▸ PROVIDED RECORDS
%%

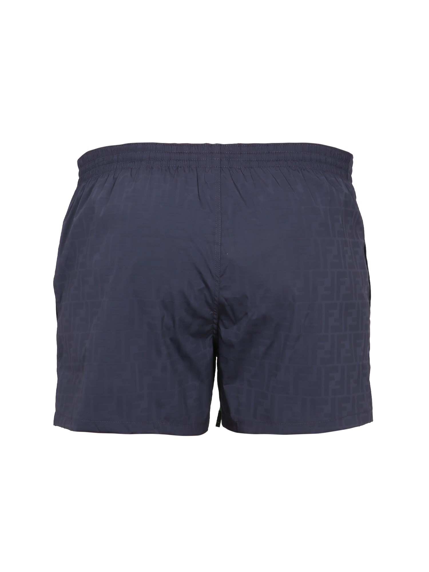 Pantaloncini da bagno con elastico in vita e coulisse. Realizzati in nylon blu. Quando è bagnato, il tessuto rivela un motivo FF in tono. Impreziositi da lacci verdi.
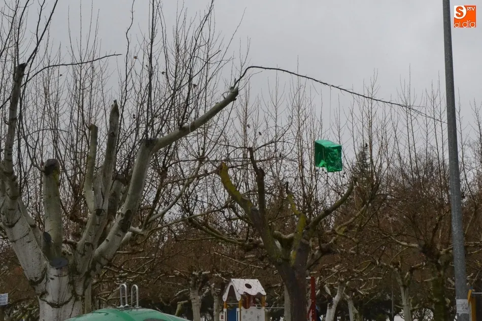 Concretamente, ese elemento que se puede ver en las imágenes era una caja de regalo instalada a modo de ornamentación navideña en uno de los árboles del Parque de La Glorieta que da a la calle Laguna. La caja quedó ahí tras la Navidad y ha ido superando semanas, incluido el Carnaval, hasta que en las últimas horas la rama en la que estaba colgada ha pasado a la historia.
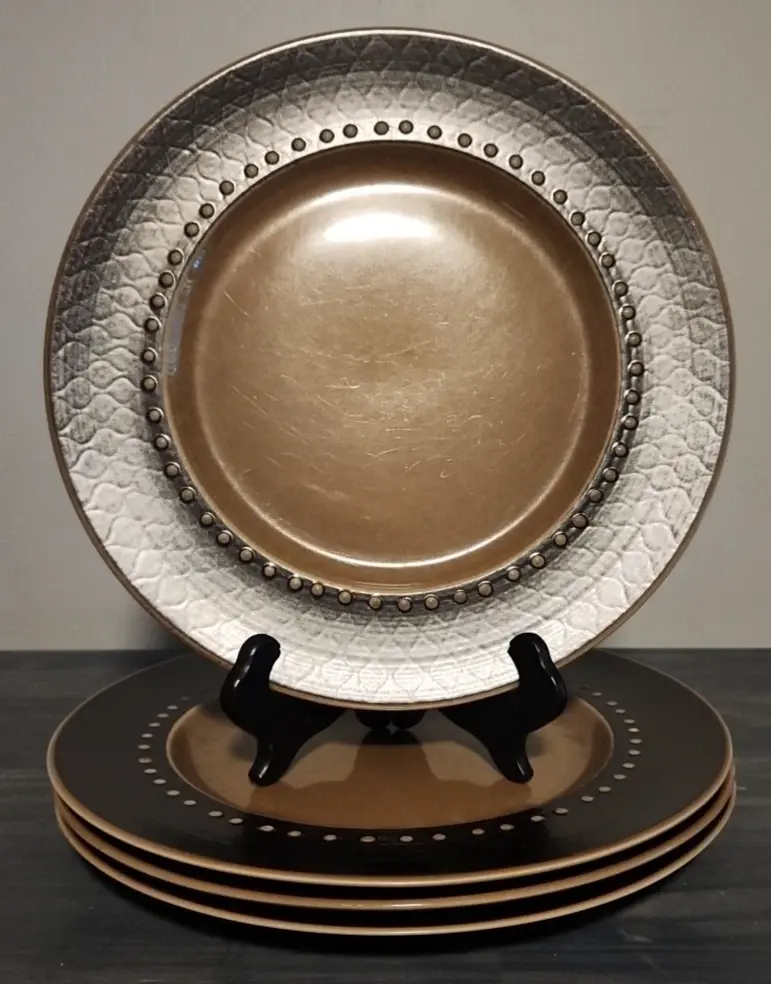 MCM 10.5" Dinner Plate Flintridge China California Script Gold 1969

%%
%%

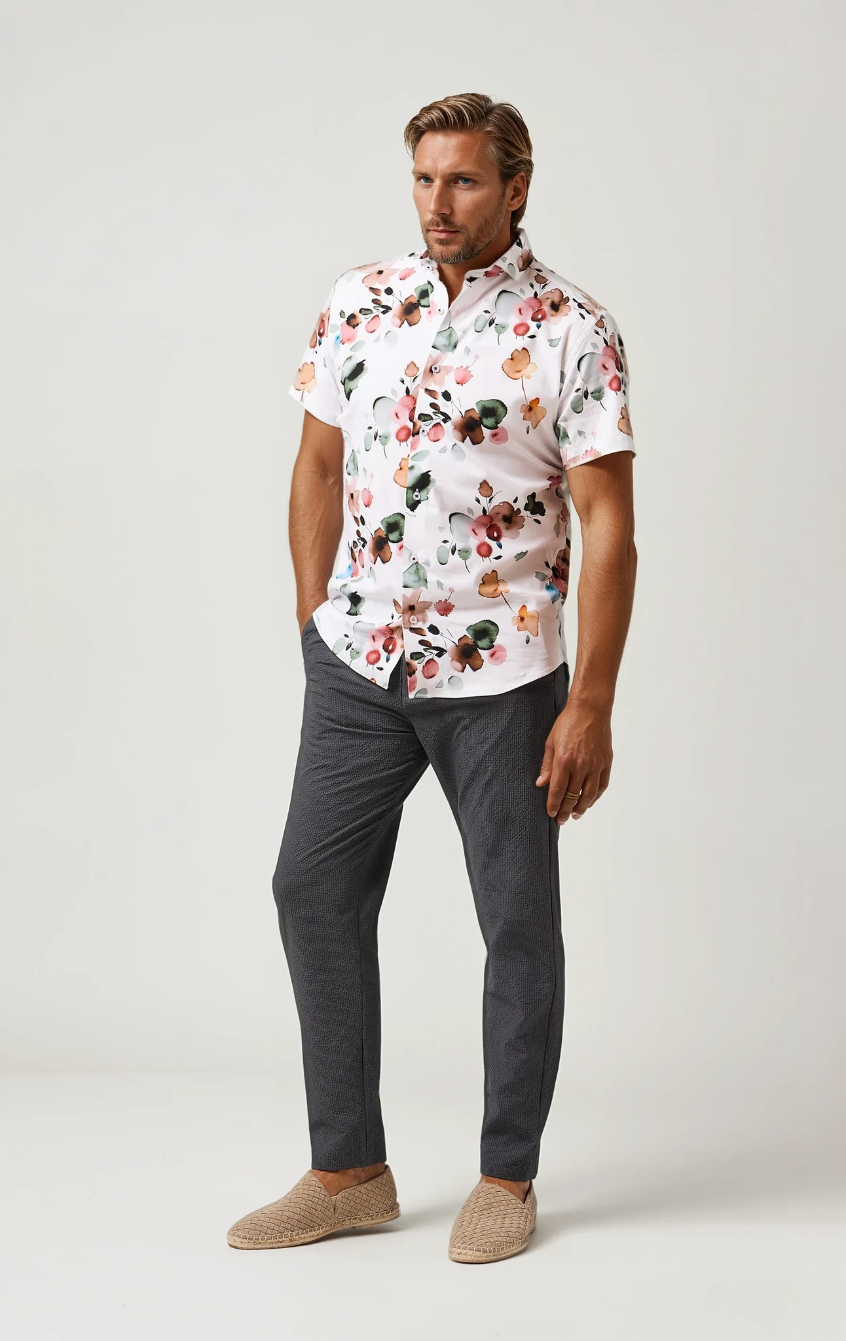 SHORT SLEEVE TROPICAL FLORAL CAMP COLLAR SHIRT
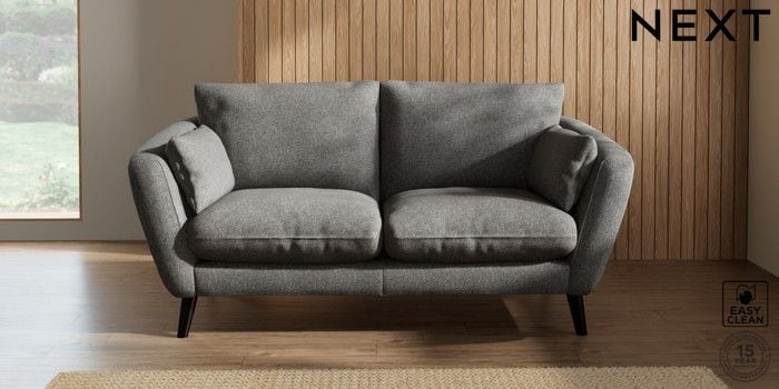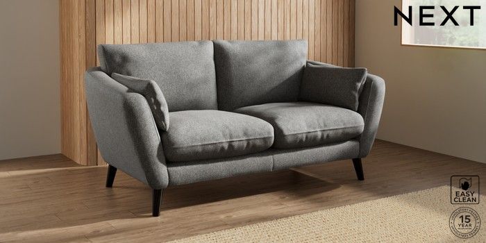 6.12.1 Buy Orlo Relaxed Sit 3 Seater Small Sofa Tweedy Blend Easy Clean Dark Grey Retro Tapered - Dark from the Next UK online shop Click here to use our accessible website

%%

Word for word, restate the lines above from the one with "SHORT SLEEVE TROPICAL" through the one with "6.12.1 Buy Orlo", keeping both ends and dropping the pictures.

▸ SOLUTION TO THIS TASK
 SHORT SLEEVE TROPICAL FLORAL CAMP COLLAR SHIRT
 6.12.1 Buy Orlo Relaxed Sit 3 Seater Small Sofa Tweedy Blend Easy Clean Dark Grey Retro Tapered - Dark from the Next UK online shop Click here to use our accessible website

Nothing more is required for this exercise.